Paseos del río es una escritura híbrida. Es también un ensayo que explica dicha escritura a través de una voz que entabla diálogo directo con Juan Rulfo, Antonio Di Benedetto, Elizabeth Cook, Homero, Jean Rolin, Stendhal y Werner Herzog, pero, y sobre todo, con el dueño de la mano impresa al interior de la cueva de Chauvet. El lector tiene entre sus manos una breve historia de cierta narrativa que inició en el siglo XVIII y que, al entretejerse con las historias de familia del autor, sirve como fuente para una serie de reflexiones que exploran los cruces entre la ficción, la vida cotidiana y el devenir histórico. David Miklos nos ofrece un puente que vincula dos formas de narrar que se desenvuelven en el flujo del tiempo, donde todos podemos ser personajes literarios a partir de una verdad; y, gracias a esa verdad, ser todos parte de la Historia.
Odiseo versus Aquiles.
El río, aquí, se vuelve nuevamente doble, pero no dividido en cauces paralelos, sino superpuestos: el río vivo encima del río muerto, el río que padece anoxia [el río que la solitaria muerte mira, ya sin el pato a su lado]. Aquí, la literatura encuentra su origen: es, a la vez, ficción e historia.
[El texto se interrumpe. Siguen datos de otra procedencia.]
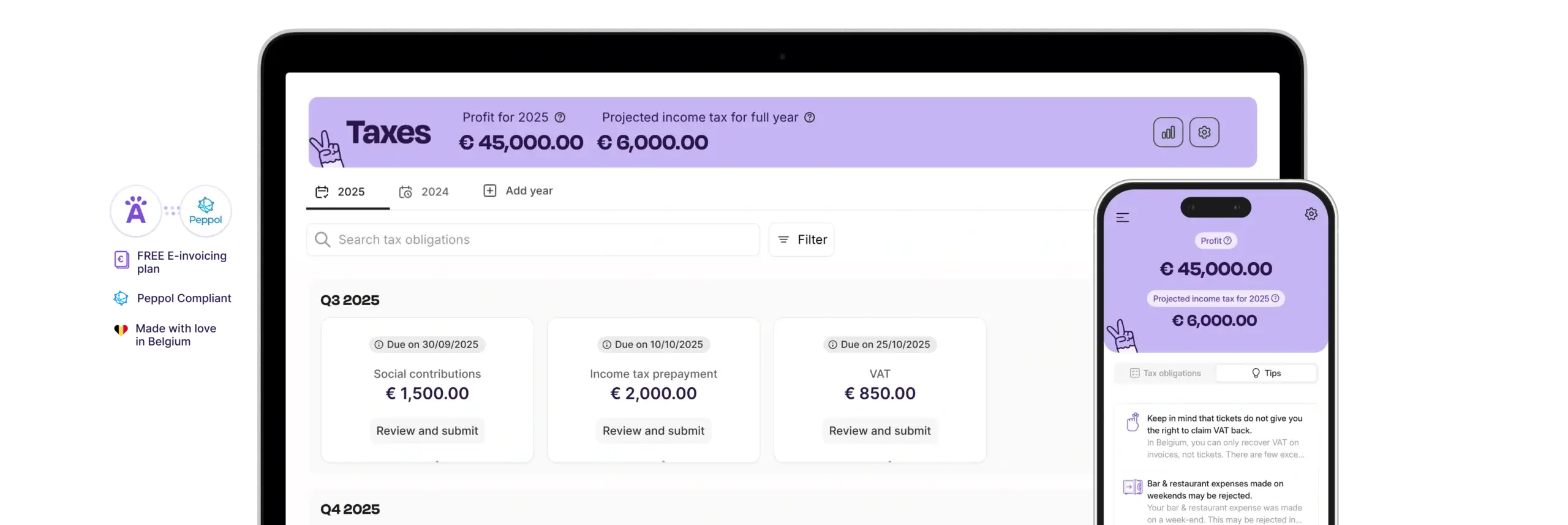 You know what you owe in taxes, VAT, and social contributions at any time

O bien: la semilla que contiene a ambas, mucho antes de que germinen y del mismo tronco se hagan dos.
Aunque este apartado nació a partir de una conferencia de clausura creada para otro coloquio de historia y literatura, al que me convocó la Universidad Autónoma del Estado de México [y que aparece en el apartado siguiente], en esta ocasión el Vocoder está apagado: es ésta mi voz más íntima.
Es decir: ésta es mi voz, animada por la propia voz de Homero en voz de Elizabeth Cook.
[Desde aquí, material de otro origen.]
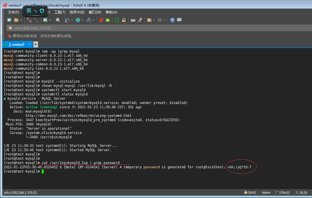 J丶通過cat /var/log/mysqld.log | grep password 查看root初始密碼

Al comienzo de Aquiles, una «novela» de Elizabeth Cook, hay un río doble, «Dos capas de agua, cada una moviéndose por su lado, a un ritmo constante y sereno» (Cook, 15).
La capa superior corresponde a lo vital, a la «esencia de la vida», mientras que la capa inferior «Padece de anoxia: es hostil a la vida».
Sendos flujos de agua parecen separados por una membrana.
Luego escribe Cook: «Circe ordenó a Odiseo que viniera a este lugar, que siguiera la corriente de Océano hasta llegar a la boca del Infierno; a la roca donde los dos tributarios de la Estigia se encuentran con Aqueronte» (Cook, 16). Una vez allí, en esa otra cueva o gruta, Odiseo y sus hombres sacrifican a una oveja y a un carnero y vierten su sangre en el agua, hasta que la sangre, gota a gota, alcanza el Hades.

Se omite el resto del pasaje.